First there’s that song we’re all sick of: Robin Thicke’s “Blurred Lines,” which the singer had the nerve to suggest was a sexual liberation of women. This week there’s Hugo Schwyzer’s woman-blaming final salute to the Internet in New York Magazine.

There seems to be a sinister correlation between the number of times a man proclaims himself a feminist and the amount of hypocrisy and attention-seeking in his words and actions. Meghan Murphy at xoJane argues the “unpopular opinion” “It Pisses Me Off When Men Call Themselves Feminists,” saying “…[they] might be better off staying away from the title completely.” Though we should always view the phenomena critically, we shouldn’t prohibit guys point-blank from self-identifying as feminists. 

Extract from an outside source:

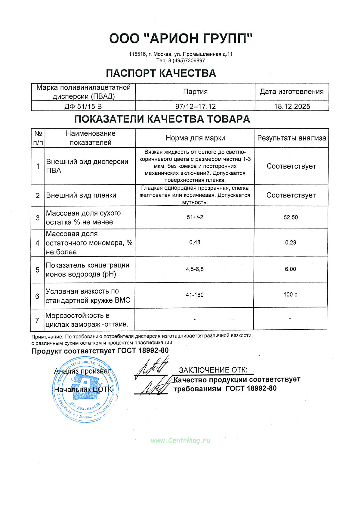 Поливинилацетатная дисперсия ДФ 51/15В – высоковязкая, гомополимерная, грубодисперсная, пластифицированная дибутилфталатом, стабилизированная поливиниловым спиртом. Соответствует ГОСТ 18992-80

Yes, there are many men who, to borrow Murphy’s words, “self-identify as feminist as a means of gaining credibility or avoiding accountability.” That’s the gentleman who thinks his mansplaining will have more impact if he prefaces with “I’m a feminist so…” and the dude who cries, “But what I did can’t be sexist, cause, well, I’m a feminist!” It’s annoying as hell, but we shouldn’t let some men’s misuse of the label nullify it as a designation for other guys. A total ban because some individuals are idiots is reductive, besides which, if we forbid the title, the only men who will stop using it are the ones who actually back up their words with actions. The pseudo-feminists will just keep on shouting from their megaphones (because they’re so far removed from the actual feminist community that they never got the memo).

But here’s the catch.

It’s cool for a man to call himself a feminist under the assumption that when he describes himself as such, he’s using it to designate himself as an ally, not to claim savior status, or an understanding of the perspectives of women, or a desire to guide the movement and run the dialogue. In other words, he must use it with the knowledge that, due to the inherent power imbalances of our system, “feminist,” in fact, means different things for men and women.

For men, who already enjoy the benefits for which the movement fights, to be a feminist is to be a supporter of women’s rights and equality for all, to appreciate the added freedom guys gain through the movement, but to do so in a way that does not make feminism all about them. 

'Cause then that’s just a typical Wednesday.